50 ans [MENTAL] – Vos 12+1 fausses excuses pour ne pas méditer.

La méditation est une pratique absolument bénéfique et très agréable à pratiquer. Lorsque l’habitude est bien installée cette activité fait alors partie de votre journée et vous n’avez aucun effort à fournir pour vous y mettre. Cela provient bien sûr de la force des habitudes.

Mais au moment de commencer la pratique de la méditation, il faut faire l’effort de s’y mettre. Peut-être avez-vous déjà essayé, et avez-vous abandonné assez rapidement, faute de résultats immédiats. La société actuelle nous a habitués à l’immédiateté des réponses lorsque l’on a une envie ou une demande, mais il faut quelques jours et quelques séances de pratique pour commencer à sentir que la méditation est une pratique fabuleuse.
Vous avez peut-être arrêté à cause d’une fausse excuse comme il en existe dans de nombreuses activités. Fausses excuses pour ne pas faire de sport, ne pas se former dans un domaine, ne pas prendre une décision importante, etc.

LES FAUSSES EXCUSES

Alors voici une série de prétextes, de fausses excuses (peut-être les vôtres) pour ne pas méditer. Vous allez voir qu’il est bien dommage de se laisser bloquer par cela.
Donc mettez-vous en situation et comprenez bien que ce ne sont que des prétextes.

1) « Je ne médite pas parce que … c’est compliqué ».

NON, ce n’est pas compliqué. Lorsque vous lisez un livre sur la méditation, on vous parle de respiration, de concentration et de relaxation. Vous pouvez même trouver des détails sur le relâchement de chaque partie de votre corps, ou sur la sensation de lourdeur, ou encore sur la sophronisation. Plein de détails qui vous apporte beaucoup d’informations intéressantes. Mais ne vous prenez pas la tête maintenant, vous verrez ces détails au fur et à mesure de votre pratique. Commencez c’est tout, et surtout laissez faire, c’est comme cela que ça fonctionne et qu’il faut débuter.
Donc NON, ce n’est pas compliqué.

2) « Je ne médite pas parce que … il faut une compétence pour cela ».

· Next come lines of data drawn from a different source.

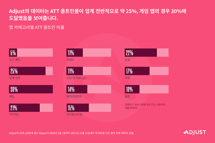 2021년 4월 Apple의 iOS 14.5와 AppTrackingTransparency(ATT) 프레임워크 도입 이후 모바일 마케팅 산업은 기존의 사용자 개인정보 관리 및 추적 방법을 재고해야 했다. 당시 사용자의 옵트인(동의) 비율이 최저 5%일 것이라는 전망이 나왔으나, 애드저스트(Adjust)의 최신 데이터에 따르면 평균 옵트인율은 25%이며(2021년 5월 기준 16%), 게임 카테고리의 경우 30%에 이르는 것으로 나타났다.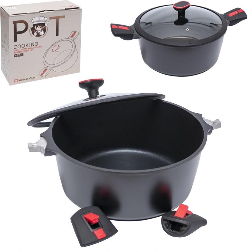 Каструля з кришкою 6 л YF749/747-28 чорна знімні ручки антипригар+індукц.d.28 l12.5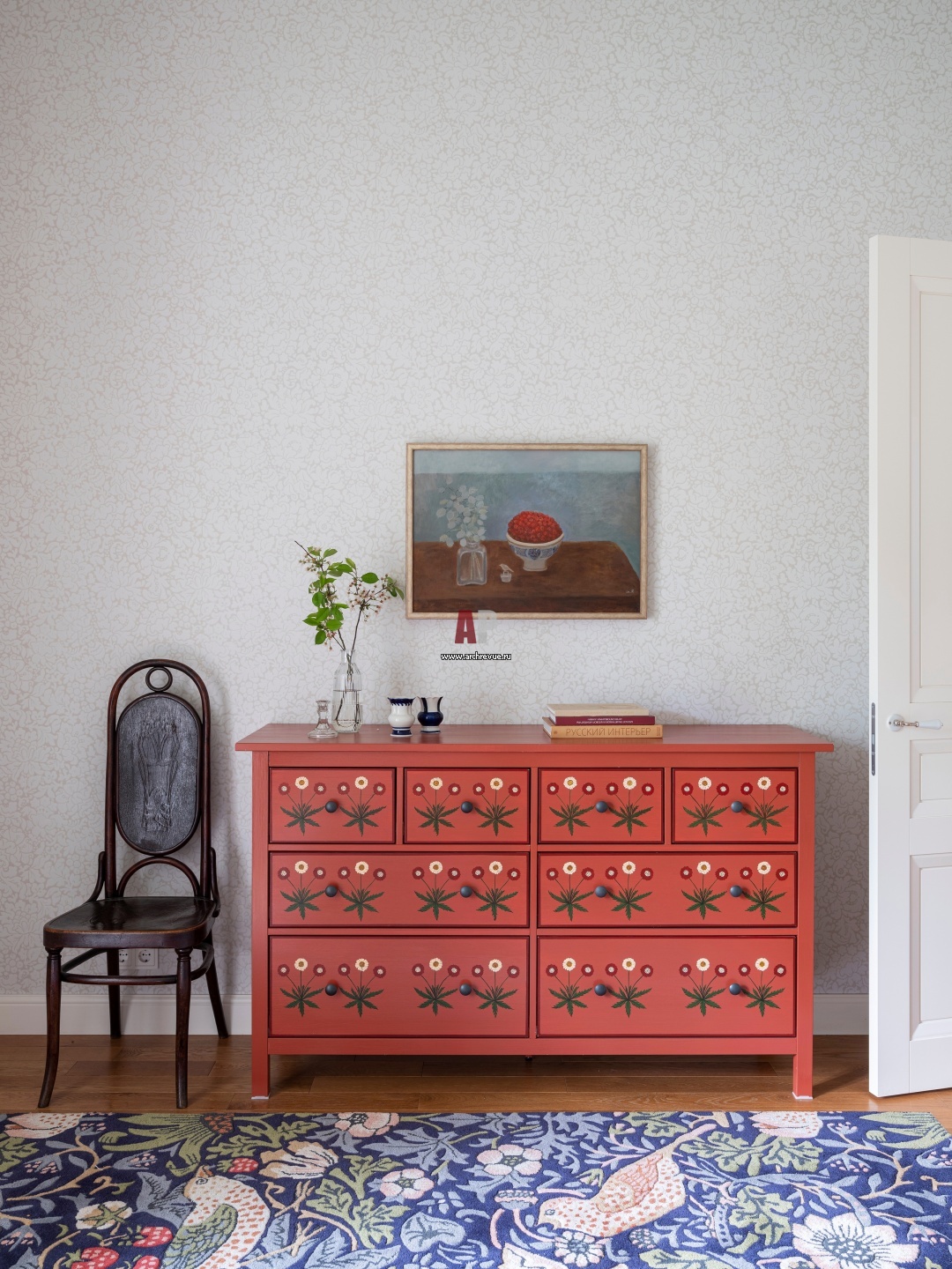 Хозяйская спальня. Комод «Икеа» украшен росписью по мотивам орнамента Уильяма Морриса «Маргаритки». Роспись, художник Светлана Федоскина. Над комодом – картина Тинатин Чхиквишвили.
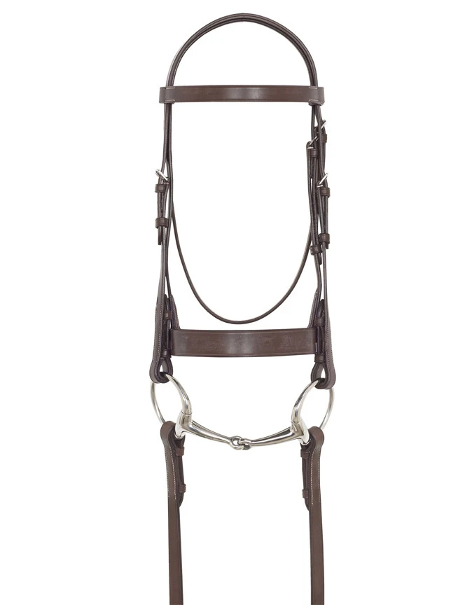 Now there’s a traditional hunt bridle for ponies and cobs! This beautiful Bobby’s English Tack hunt bridle is made with fine leather and superb craftsmanship. It has a flat nose band and brow band and comes with laced reins.

Nous venons de parler de l’impression “c’est compliqué” que l’on peut ressentir en raison des détails qui peuvent apparaître à la lecture de livres spécialisés. Ces détails enrichissent la pratique au fil des séances, mais il n’est pas nécessaire de suivre une formation ni d’acquérir une compétence. N’achetez pas une formation sur la méditation, avant même d’avoir réussi par vous-même à obtenir de bons résultats ; c’est à dire réussir à pratiquer quelques minutes, avec régularité, et d’avoir ressenti des sensations de bien-être. Vous arriverez sans problème, tout seul, à obtenir au moins ce résultat, sans aucune formation particulière.
Vous avez déjà une compétence d’une grande valeur, c’est votre expérience de vie de quinqua. Cette compétence a beaucoup de valeur et elle va vous permettre de réussir grâce à tout ce que vous connaissez déjà. Vous n’avez rien besoin de plus.
Donc NON, il ne faut pas de compétence particulière.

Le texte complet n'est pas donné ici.